→ **TASK GOAL**
Set down, word for word, only the lines from the start of the records through the line bearing "Delivery method: there"; include no pictures.

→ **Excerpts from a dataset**
▬▬▬▬▬▬▬▬▬▬

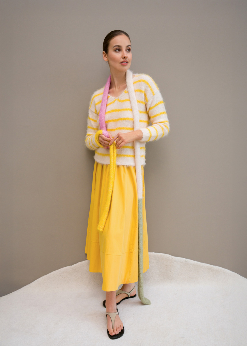 Lana Grossa Finito (73 % Baumwolle, 27 % Polyamid, LL 150 m/50 g), 50 g Olive/Creme (Fb 25), 50 g Vanille/ Creme (Fb 20), 50 g Pastellpink/Creme (Fb 18), 50 g Sonnengelb/ Creme (Fb 23); Rundstricknadel Nr 4, Länge 60 cm
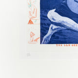 Hockney’s “Blue Guitar” refers to Wallace Stevens’s 1937 poem “The Man With the Blue Guitar,” which was inspired by Picasso’s blue period panting, “The Old Guitarist” from 1903. It is the most iconic image from this series.
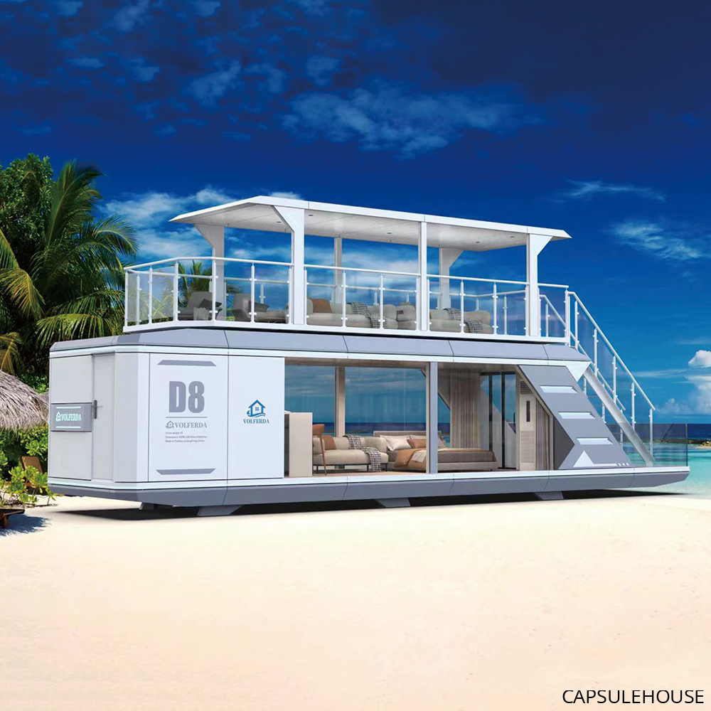 Delivery method: there are two delivery methods for capsule house, the whole hosue and disassembled modular houses. For the whole house delivery, the house will be shipped in 40 flat rack container due to the wide width of the house up to 3.2m, so the shipping costs are relatively high and suitable for only 1-2 houses. For the disassembled modular houses delivery, the house will be shipped in 40 HQ,which saves shipping cost and is suitable for purchasing large quantity of houses.
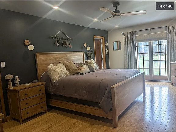 Welcome to this beautifully updated 2,765 sq ft ranch offering the perfect blend of elegance, functionality, and privacy. Situated on 4.7 acres with both an attached heated 2-car garage and a detached 5-car garage, this home is ideal for anyone seeking space, comfort, and exceptional craftsmanship—more than $300,000 in upgrades—just 2 minutes from the school campus. Less than 10 minutes away, Fredonia—with shopping, dining, and conveniences—is minutes from multiple private K–8 schools. Step into the spacious foyer where you're greeted by vaulted ceilings, striking checkered porcelain tile, and elegant stained pillars. Beyond the entry lies an impressive formal dining room with custom bordered red oak hardwood floors, large enough for even the most significant gatherings. The eat-in kitchen, fully updated in 2022, includes: * Two-tone shaker cabinetry * Granite countertops * Stainless wall oven/microwave combo & gas cooktop * White marble backsplash * Black granite sink * Neutral ceramic tile flooring * U-shaped layout with abundant counter space * Comfortable dining area for everyday meals * A newly installed Marvin sliding glass door leading directly to the back deck, offering excellent natural light and smooth indoor–outdoor flow The sunken living room features cathedral ceilings, hickory flooring, and a cozy gas fireplace. Three rooms—including the office/4th bedroom—feature cathedral ceilings and charming window seats. The second full bathroom features quartzite double-vanity sinks, with the toilet and shower tucked away behind a separate door. Laundry room and bath. The spacious master bedroom—was completely renovated in 2023 and includes: * A NEW Marvin sliding glass door overlooking the backyard * A custom closet system with built-in shelves and organized hanging space * A luxurious ensuite with double granite vanities * A large custom walk-in shower featuring a built-in seat, marble mosaic tile flooring, granite & porcelain tile walls, dual shower heads, and a hand wand * The finished full basement offers Multi-purpose room with projector and 10-ft movie screen * Large whiteboard wall— * Second laundry
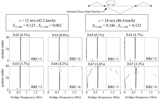 Figure 8 shows the bridge frequencies extracted from a single vehicle traversing at relatively low speeds (v = 6 m/s, 12 m/s) over the suspension bridge utilizing the ST-SSI. In the meanwhile, Figure 9 represents the identified results by the MOESP at higher driving speeds (v = 12 m/s, 24 m/s). The subspace identification, including both ST-SSI and the MOESP, succeeds in all cases for the fundamental frequency estimation of the bridge, even considering high levels of RRCs. For ST-SSI, the identification effect of the first frequency is clearer and more stable with lower driving speeds and weakens with the deterioration of pavement conditions. It is worth noting that the stability of the MOESP results at the speed of 12 m/s is better than that of the ST-SSI, a situation that could potentially be explained by the value of the dimensionless speed, which is larger than 0.1 for the side span at this point. When the dimensionless speed of the vehicle exceeds this value, the time-varying characteristic of the system does not satisfy the “static” premise assumption of the ST-SSI. On the contrary, the time variation caused by the increase in vehicle speed fits with the assumption of the MOESP, so it is applicable to this case. In addition, it should be noted that there is no indication of any signs of higher-order frequency identification for either the ST-SSI or the MOESP methods. Hence, the excitation from only a single vehicle to the bridge is likely insufficient to activate the higher-order vibration of the bridge. To get this point right, more traffic loads are needed to yield more significant excitations against the bridge.
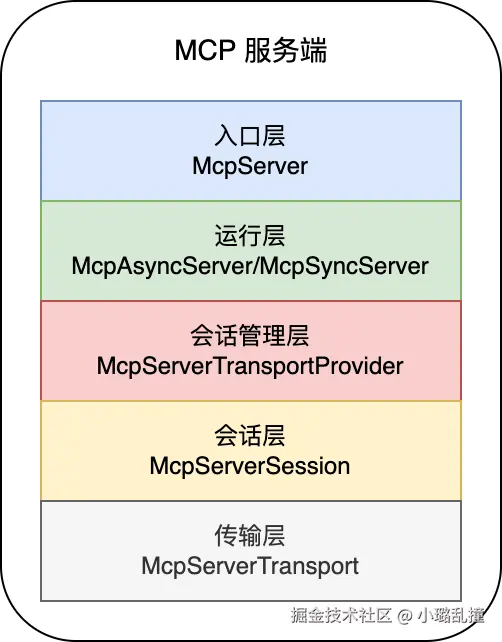 - 会话管理层 :这一层是 MCP 服务端特有的部分,用于管理多个客户端会话,对应的接口为 McpServerTransportProvider。其用于管理活跃会话的生命周期、向所有客户端广播消息、统一关闭与清理连接资源等,使得服务端可以同时维护多个客户端连接。
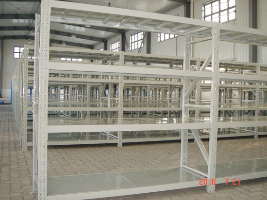 單元貨架每層載重量一般在200~800 kg之間,總承載一般不大于5000kg。單元貨架跨度通常不大于2.6m,深度不大于1m,高度一般在3m以內。如果單元貨架跨度在2m以內,層載在500kg以內,通常選無梁式中型擱板式貨架較為適宜;如果單元貨架跨度在2m以上,則一般只能選有梁式中型擱板式貨架。無梁式中型貨架與有梁式中型貨架相比,層間距可調余地更大,更穩固、漂亮,與環境的協調性更好,更適于一些潔凈度要求較高的倉庫;有梁式中型擱板式貨架則工業化特點強一些,較適用于存放金屬結構產品。中型擱板式貨架應用廣泛,適用于各行各業。
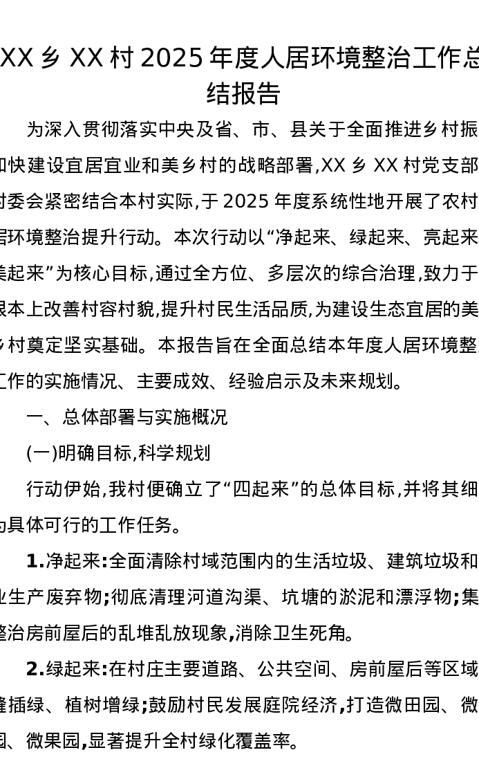 XX乡XX村2025年度人居环境整治工作总结报告
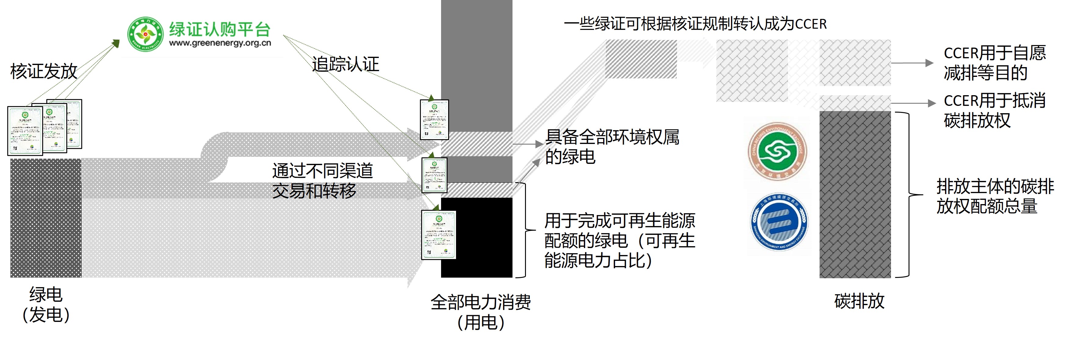 從實(shí)踐層面看,在涉及綠電的市場(chǎng)化機(jī)制(如CCER、綠證等)之外,可再生能源專場(chǎng)交易、打捆外送交易等不涉及環(huán)境權(quán)益交易的交易機(jī)制在一些地區(qū)依然存在。如不進(jìn)行有效統(tǒng)籌,這會(huì)導(dǎo)致環(huán)境權(quán)益模糊不清,甚至可能產(chǎn)生環(huán)境權(quán)益的重復(fù)計(jì)算。重復(fù)建設(shè)、多頭管理,不僅影響市場(chǎng)規(guī)模,還不利于開(kāi)發(fā)更具靈活性和多樣化的綠電產(chǎn)品。
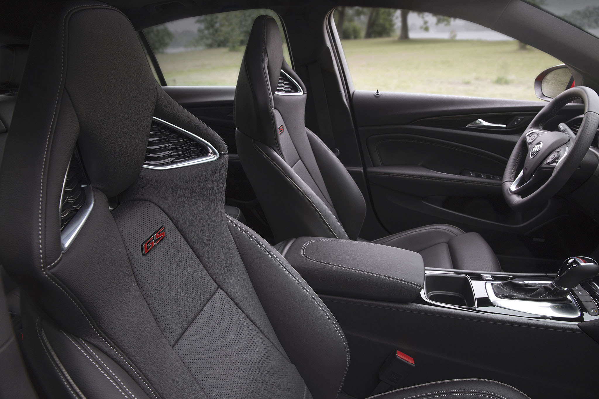 Helping in the handling department is an all-new five-way multi-link rear axle and MacPherson struts up front, assisted by GS-equipped Continuous Damping Control, or active suspension. When enabled in GS or Sport modes, Buick says it can adjust the shocks up to 500 times per second. Shaving off that power are Brembo brakes once again, wrapped in 19-inch wheels.
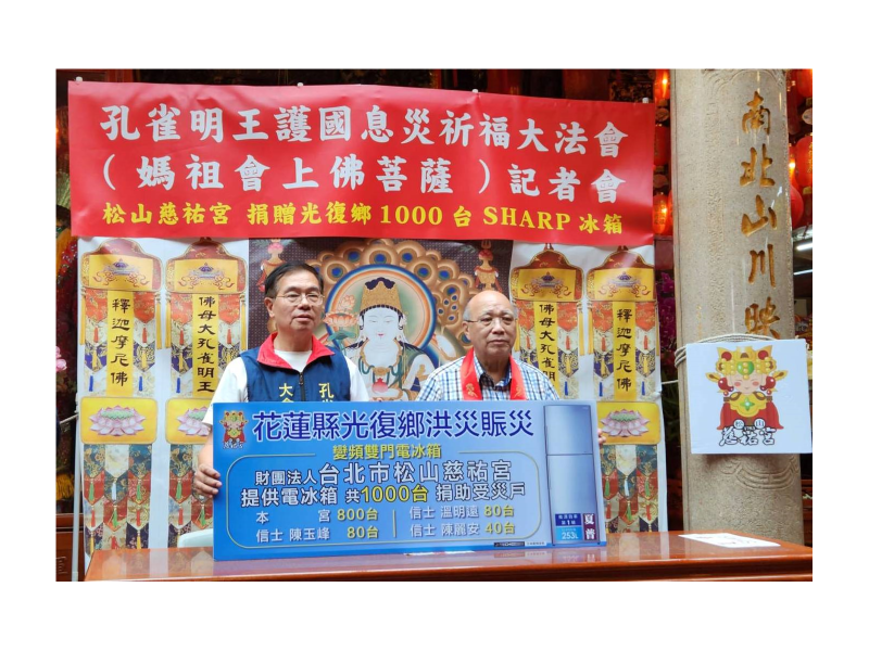 松山慈祐宮也盡一份心力,協助花蓮災後重建,目前正在募集約兩千台冰箱,希望能夠幫助受災地區的居民儘快恢復生活。這項善舉在大會會長蔡鴻祺師兄的熱心奔走下,已經陸續展開,蔡鴻祺是花蓮「雲山水」渡假山莊的負責人,災後第一時間就親赴現場支援,展現極大的慈悲與行動力。
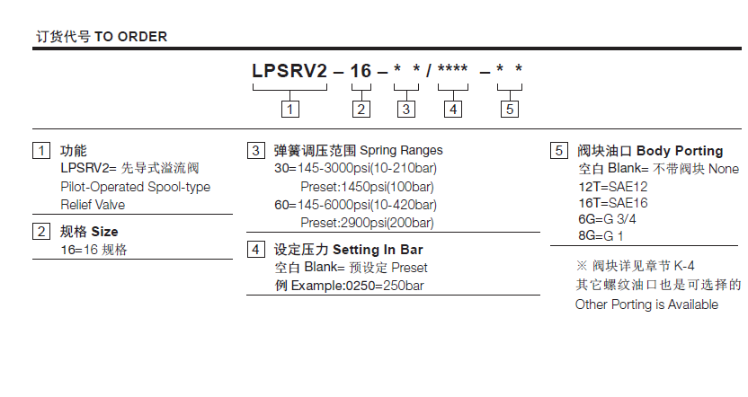 阀体①口和②口不通, 直到①口压力超过设定压力且打开先导阀芯。这样, 先导阀芯
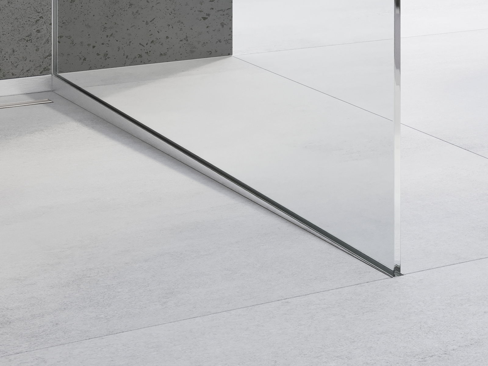 El zócalo tiene espacio para la instalación del vidrio de la ducha, lo que no sólo facilita el proceso de instalación, sino que también permite ocultar el acabado con silicona
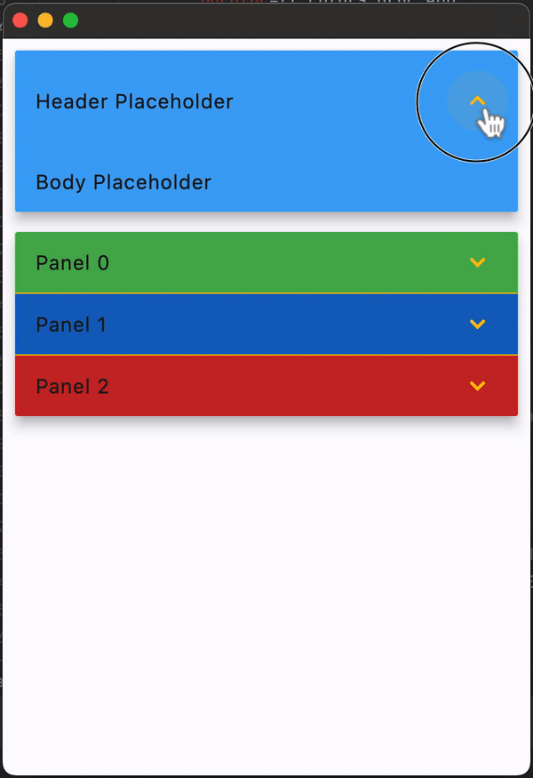 controls- A list of panels to display.divider_color- The color of the divider when flet.ExpansionPanel.expanded isFalse.elevation- Defines the elevation of the controls, when expanded.expand_icon_color- The color of the icon.expanded_header_padding- Defines the padding around the header when expanded.spacing- The size of the gap between the controlss when expanded.
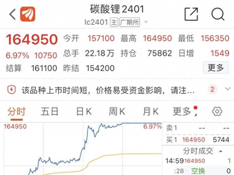 能源金属板块起飞?碳酸锂期货所有合约涨停,赣锋锂业涨8.46%,天华新能、天齐锂业跟涨|快讯
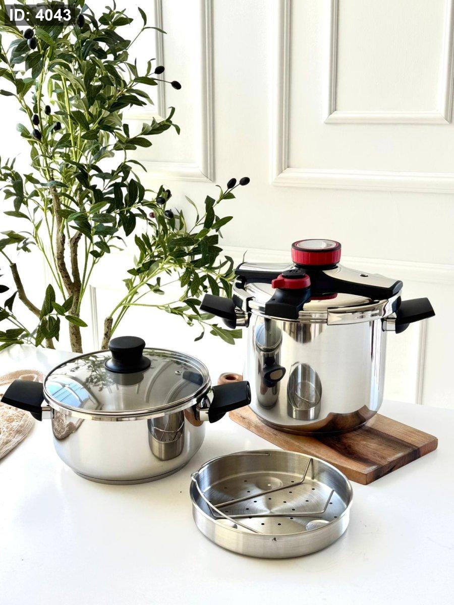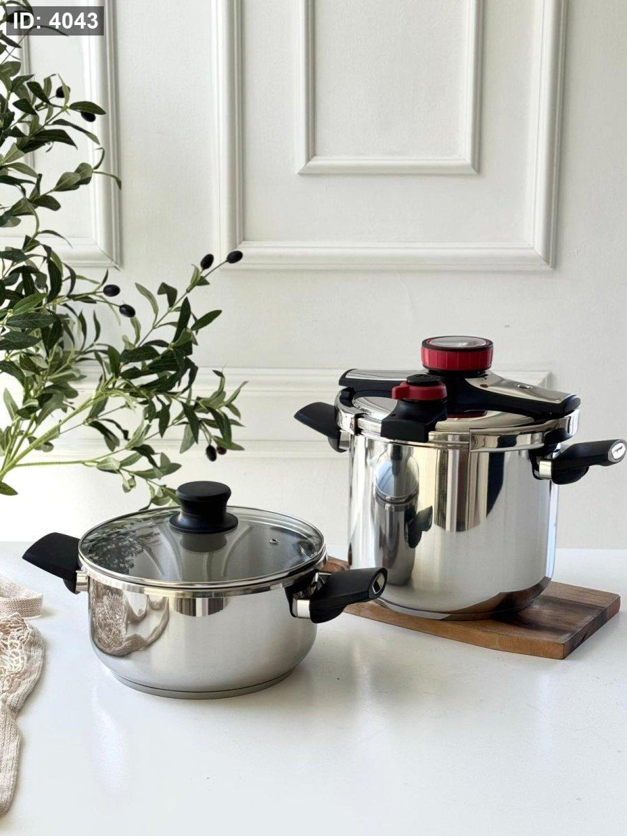 طقم طناجر ضغط كبسه ستيل 4 لتر و 7 لتر
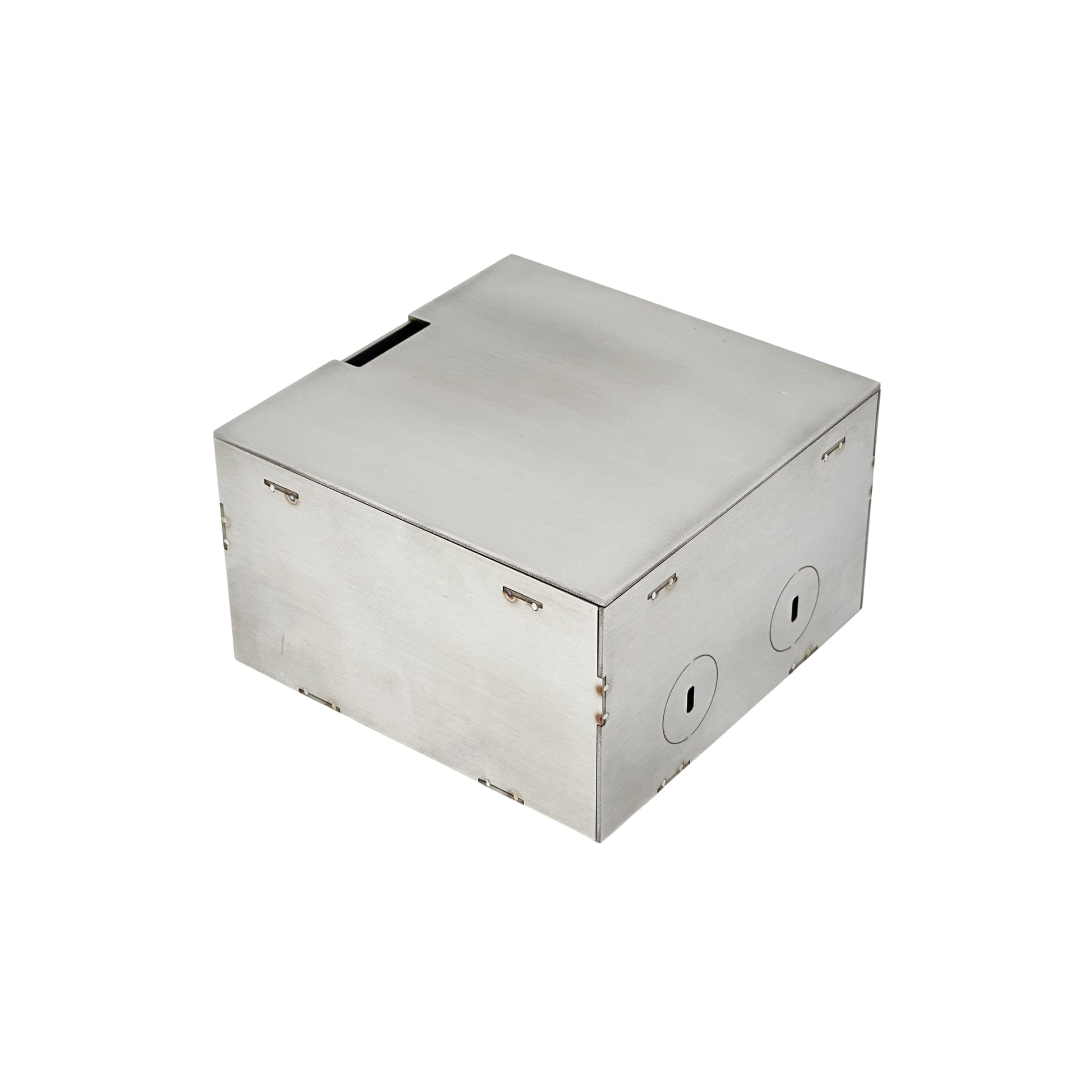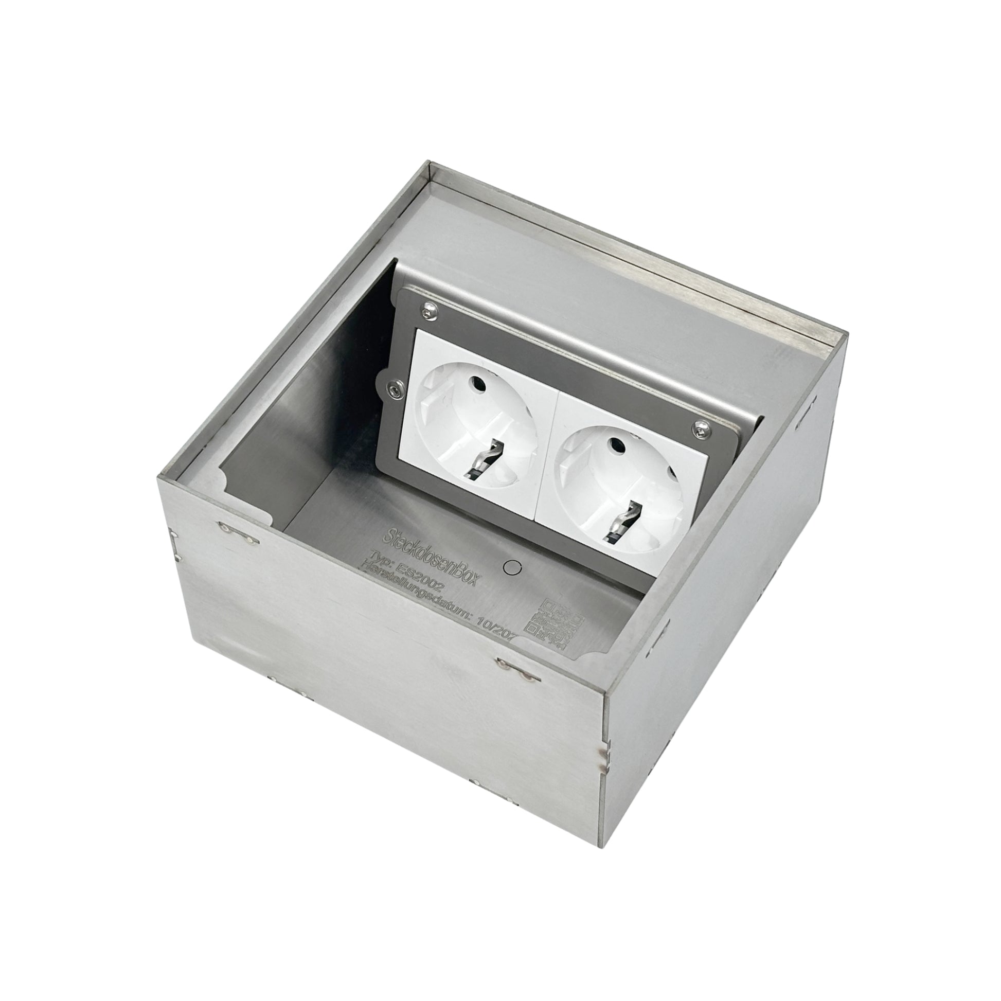 Sehr hochwertig hergestellte Steckdosenbox aus massivem Edelstahl.

▬▬▬▬▬▬▬▬▬▬

→ **ANSWER TO THE PROBLEM**
 Lana Grossa Finito (73 % Baumwolle, 27 % Polyamid, LL 150 m/50 g), 50 g Olive/Creme (Fb 25), 50 g Vanille/ Creme (Fb 20), 50 g Pastellpink/Creme (Fb 18), 50 g Sonnengelb/ Creme (Fb 23); Rundstricknadel Nr 4, Länge 60 cm
 Hockney’s “Blue Guitar” refers to Wallace Stevens’s 1937 poem “The Man With the Blue Guitar,” which was inspired by Picasso’s blue period panting, “The Old Guitarist” from 1903. It is the most iconic image from this series.
 Delivery method: there are two delivery methods for capsule house, the whole hosue and disassembled modular houses. For the whole house delivery, the house will be shipped in 40 flat rack container due to the wide width of the house up to 3.2m, so the shipping costs are relatively high and suitable for only 1-2 houses. For the disassembled modular houses delivery, the house will be shipped in 40 HQ,which saves shipping cost and is suitable for purchasing large quantity of houses.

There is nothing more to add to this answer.